Chiny zakazały importu niektórych serów, KE zaniepokojonaChiny zakazały importu niektórych serów z Europy, w tym francuskich. Port w Szanghaju co najmniej od trzech tygodni nie przyjmuje ich transportów. Komisja Europejska wyraziła zaniepokojenie. Chiny nie odpowiedziały jeszcze na skargę Brukseli.

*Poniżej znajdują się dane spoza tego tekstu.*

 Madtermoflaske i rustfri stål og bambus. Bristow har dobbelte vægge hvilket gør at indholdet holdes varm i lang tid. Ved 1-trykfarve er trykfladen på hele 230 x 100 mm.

Według firmy Cheese Republic sprzedającej europejskiej sery
w Chinach oraz źródeł dyplomatycznych władze sanitarne zaostrzyły kontrole i
zakazały importu serów produkowanych z udziałem szczepów bakterii niedozwolonych
w Chinach.
Przedstawiciele branży zauważają, że stało się to bez
ostrzeżenia po kilku dekadach bezproblemowego i bezpiecznego importu tych serów
do Chin. Zwraca się przy tym uwagę, że zakaz nie obejmuje takich gatunków
serów, jak francuskie raclette, gruyere, emmental czy włoska mozzarella. Nadal
dozwolony jest też import serów do smarowania pieczywa.

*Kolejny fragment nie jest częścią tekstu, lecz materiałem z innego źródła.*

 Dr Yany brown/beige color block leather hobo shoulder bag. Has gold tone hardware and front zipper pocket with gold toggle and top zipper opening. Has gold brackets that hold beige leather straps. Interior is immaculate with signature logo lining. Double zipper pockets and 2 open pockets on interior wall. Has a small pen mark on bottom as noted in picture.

"Chińskie władze nie odpowiedziały na nasze listy i nie
wypełniają zobowiązań wynikających ze standardów międzynarodowych" -
powiedziały źródła w KE. Wskazały, że zakazane sery są od setek lat produkowane
w Europie i nie stwarzają żadnego zagrożenia pod kątem bezpieczeństwa żywności.
Chińczycy pokochali nabiał
Spożycie nabiału w Chinach w ostatnich latach znacząco
wzrosło, jednak europejskie sery są konsumowane głównie przez obcokrajowców tam
mieszkających. Wyjątkiem jest mozzarella używana do wypieku pizzy, choć zwykle
pochodzi ona nie z Włoch, ale z Nowej Zelandii albo Australii. Te dwa kraje
odpowiadają za większość importu serów do Chin.
Sprzedaż serów w Chinach ma w tym roku wzrosnąć o 26 proc.,
do równowartości 812 mln dol. - podaje firma Euromonitor. 90 proc. serów
sprzedawanych na chińskim rynku pochodzi z importu. Najpopularniejsze sery
francuskie: brie i camembert mają 15 proc. udziału w rynku.